8) Setting [Waiting for pre-trigger]
Check the input cord connections and press the START key. If the display indicates that the instrument is in the trigger standby state, it has been set up properly.

9) Recording
Turn off the power supply switch. If the instrument has been configured correctly, measurement will end once acquisition of the waveform data is complete.
*Same as Figure 5-1

■ Measurement using a line-use logic probe
Change the trigger condition settings and the logic channel display settings. Other settings are the same as described above.

1) Making trigger setting
Since the trigger will be activated based on logic input, set up a logic trigger. Using channel A1 [0.x.x.x] 4, set up the trigger so that it activates when channel A1 changes from 1 to 0.

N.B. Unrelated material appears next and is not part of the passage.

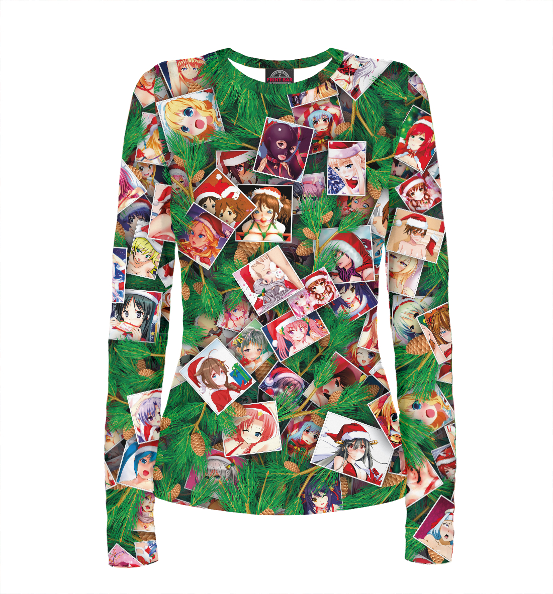 Женский лонгслив с принтом «Ахегао С новым годом»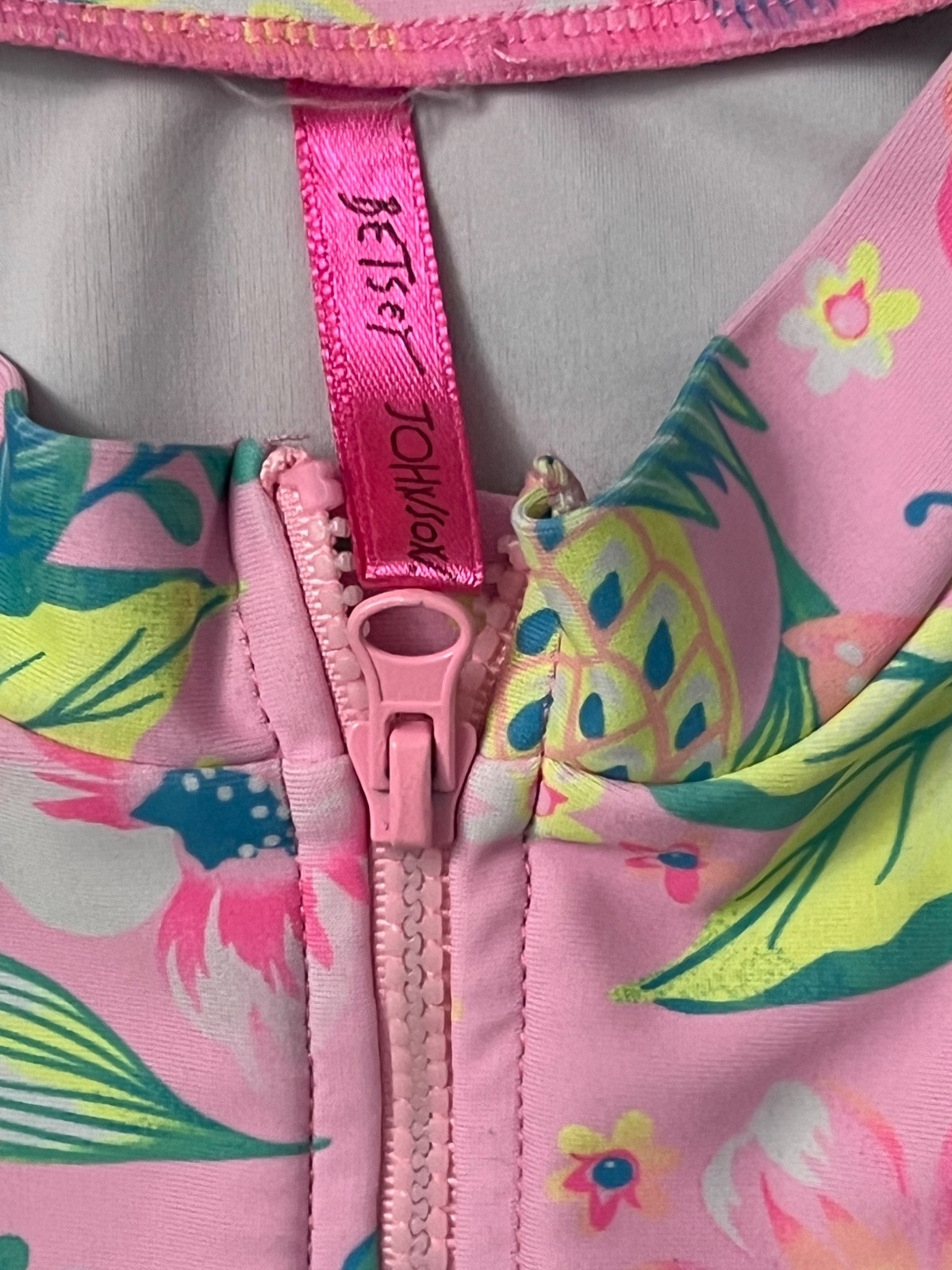 Betsy Johnson tropical pineapple and lemon rash guard, girls

2) Displaying logic channel
Display the logic channel A1 on the channel display screen.

3) The remaining settings are the same as those that were described in the previous section.

If you encounter a self-hold circuit such as a sequence control circuit that exhibits the issue of resetting when this approach is applied, you can analyze the issue, for example in the power supply circuit, by setting up a trigger to activate depending on whether or not the self-hold circuit has a voltage.

Example: Measuring starting current waveforms of motors

Objective:
Although instruments such as normal ammeters cannot be used to measure quantities such as instantaneous load current fluctuations or starting current, a Memory HiCorder can easily do so using waveform levels when utilized in combination with a clamp current sensor.

Key considerations:
Use a clamp current sensor and set up a trigger so that it is activated by the starting current. Use the scaling function so that current values can be read directly. Use a Hioki 9018 Clamp On Probe. The output rate will be 500 A AC  200 mV AC. You can also display trace cursors, use them to measure the maximum value and rush current time, and then use the parameter calculation function to calculate the maximum value.

1) Setting recording length
The recording length varies with the load, but here we will use a setting of 10 div. at 50 ms/div. to capture 0.5 s.

2) Setting input range
Since the clamp current sensor we’re using generates 200 mV AC output, set the 0 position to 50% using the 50 mV/div. range.

3) Making scaling settings
Select 2-point scaling on the system’s scaling settings screen and configure the settings as shown in Figure 5-12. Since use of the ENG setting in combination with scaling enables settings in units of 103 and 106, you can read values as indicative of units with a K, M, or G prefix.

Voltage  Voltage values at 2-points
HIGH side 0.2000E+00 → 5.0000E+02  [A]
LOW side  0.0000E+00 → 0.0000E+00

4) Setting the trigger start point (Pre-trigger)
Since we need data after the trigger is activated, use a setting of 10%.

5) to 8) (Sama as “Measuring the input and output characteristics of DC power supply”)

6) Maximum value calculation
Set parameter calculation to “ON” on the status (settings) screen and specify a calculation for channel 1 only. Since data remains, moving the flashing cursor to the parameter calculation “ON” setting will cause an “EXECUTE” button to be displayed on the function key GUI display. Press that button. The maximum value calculation result will be displayed on the screen.